Task goal :: Skip the pictures and write out, word for word, the lines below from the one with "There is a feature" through the one with "1 Bed, 1 Bath, 785-805", inclusive.

Supplied records ::
#####
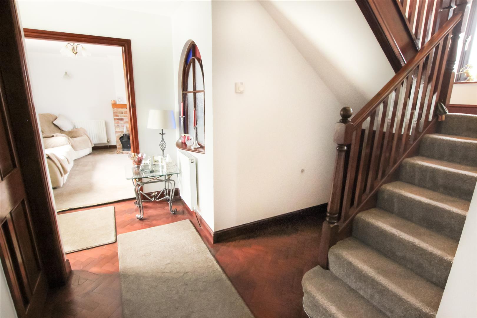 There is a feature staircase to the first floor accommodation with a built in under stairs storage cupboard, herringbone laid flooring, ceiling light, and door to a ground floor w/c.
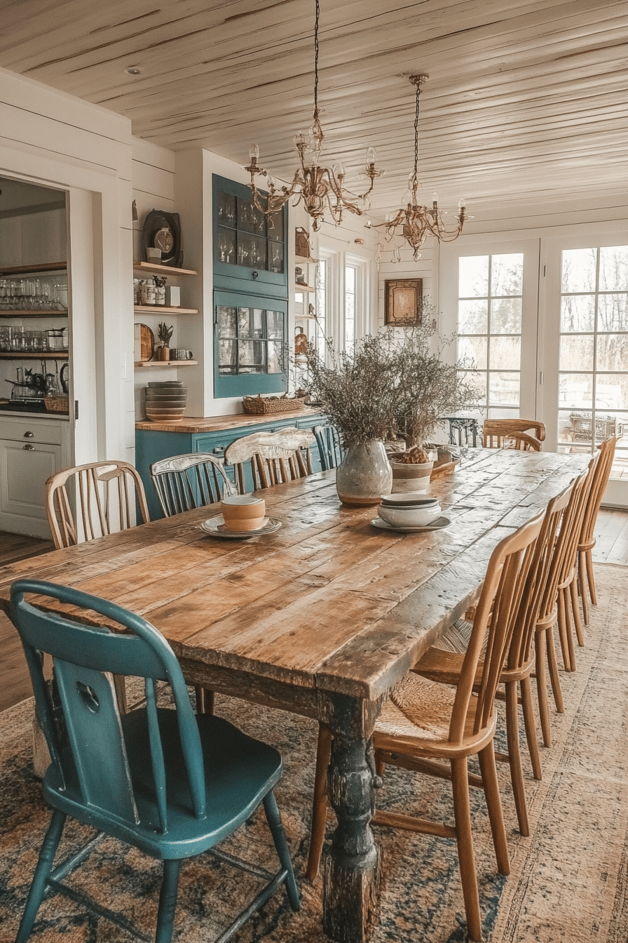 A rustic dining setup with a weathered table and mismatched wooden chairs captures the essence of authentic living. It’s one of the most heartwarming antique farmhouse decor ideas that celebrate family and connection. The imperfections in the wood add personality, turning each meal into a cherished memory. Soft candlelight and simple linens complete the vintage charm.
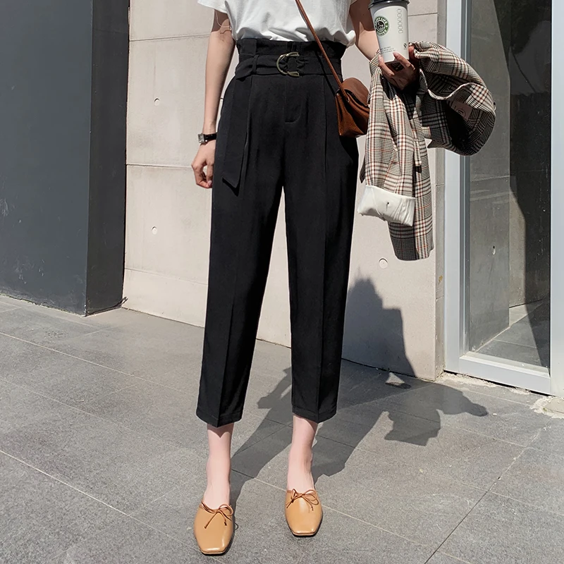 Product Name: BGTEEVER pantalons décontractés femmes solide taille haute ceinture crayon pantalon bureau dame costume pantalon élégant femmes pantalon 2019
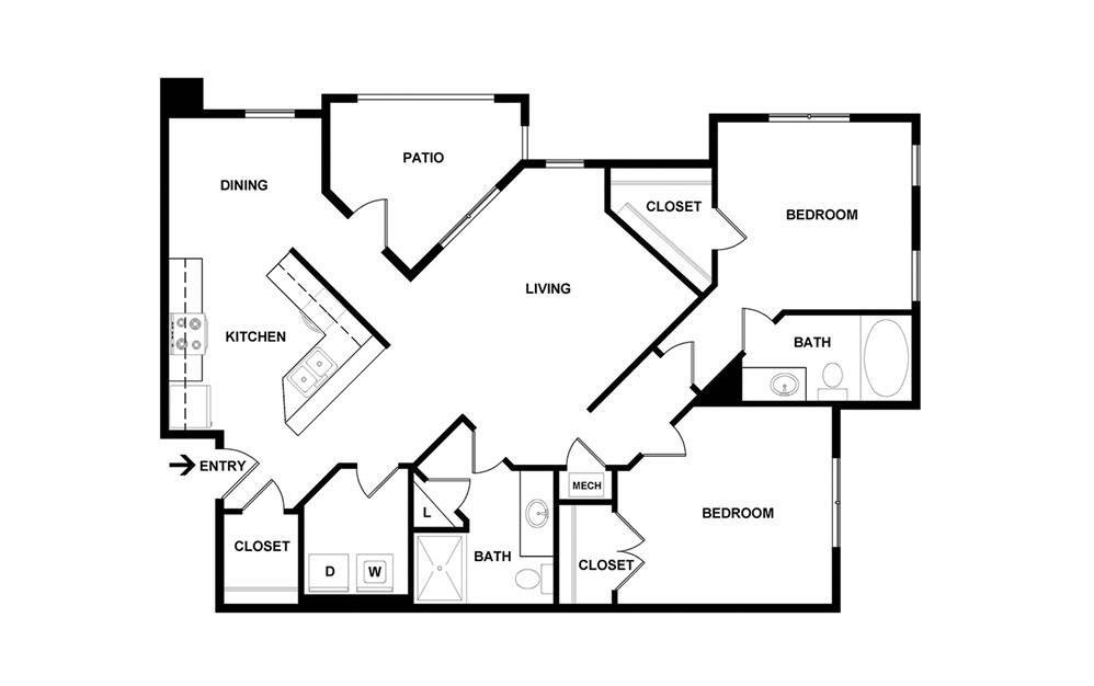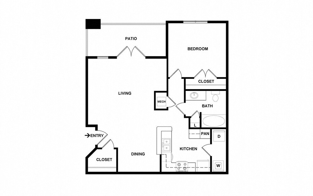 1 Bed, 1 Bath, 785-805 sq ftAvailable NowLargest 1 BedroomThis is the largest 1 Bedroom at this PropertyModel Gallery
#####
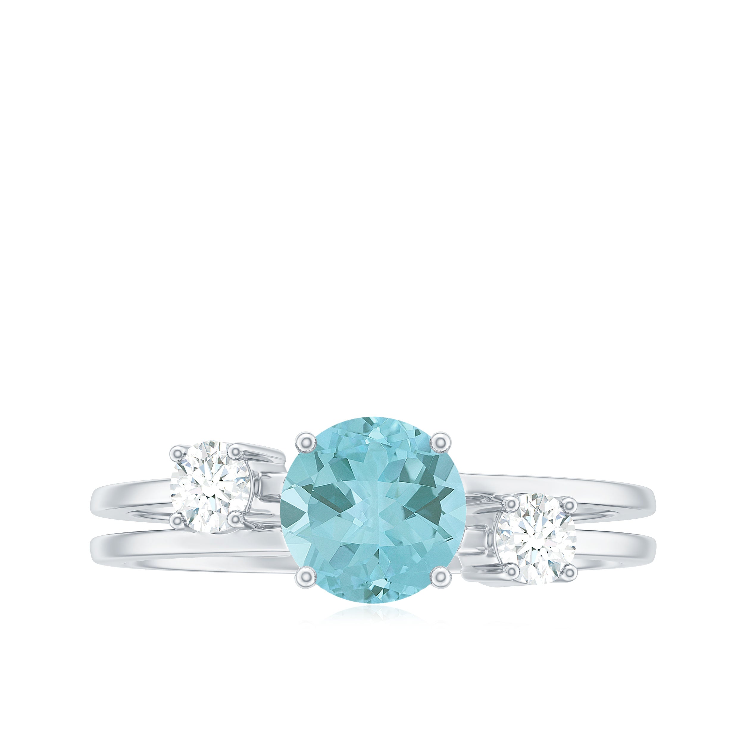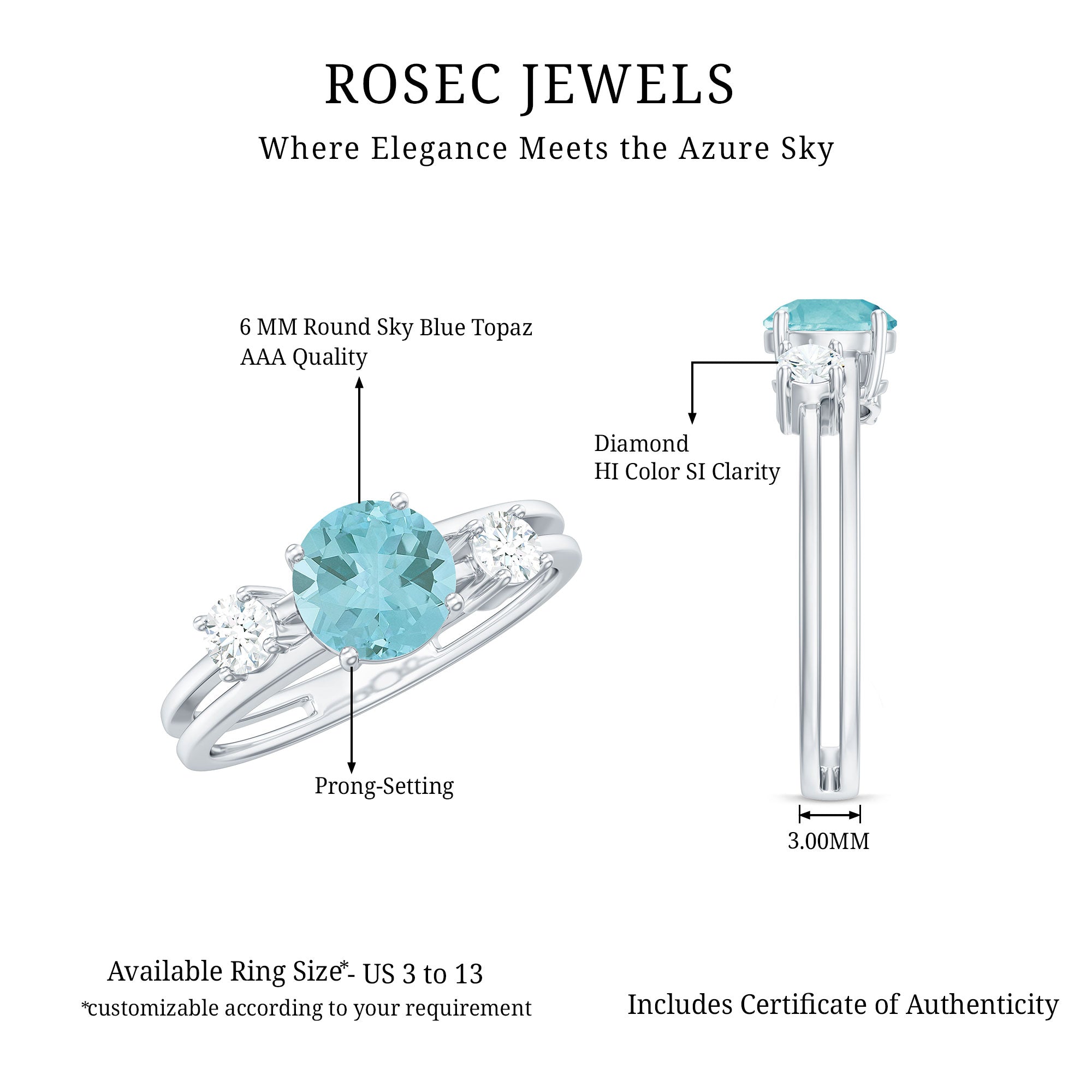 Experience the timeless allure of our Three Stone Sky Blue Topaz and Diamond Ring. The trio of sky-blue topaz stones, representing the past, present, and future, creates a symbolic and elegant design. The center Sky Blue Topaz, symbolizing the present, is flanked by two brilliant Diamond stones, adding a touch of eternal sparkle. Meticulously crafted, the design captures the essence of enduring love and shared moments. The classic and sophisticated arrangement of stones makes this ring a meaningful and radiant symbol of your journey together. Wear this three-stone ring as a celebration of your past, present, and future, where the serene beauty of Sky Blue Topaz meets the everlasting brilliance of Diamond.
#####
Output ::
 There is a feature staircase to the first floor accommodation with a built in under stairs storage cupboard, herringbone laid flooring, ceiling light, and door to a ground floor w/c.
 A rustic dining setup with a weathered table and mismatched wooden chairs captures the essence of authentic living. It’s one of the most heartwarming antique farmhouse decor ideas that celebrate family and connection. The imperfections in the wood add personality, turning each meal into a cherished memory. Soft candlelight and simple linens complete the vintage charm.
 Product Name: BGTEEVER pantalons décontractés femmes solide taille haute ceinture crayon pantalon bureau dame costume pantalon élégant femmes pantalon 2019
 1 Bed, 1 Bath, 785-805 sq ftAvailable NowLargest 1 BedroomThis is the largest 1 Bedroom at this PropertyModel Gallery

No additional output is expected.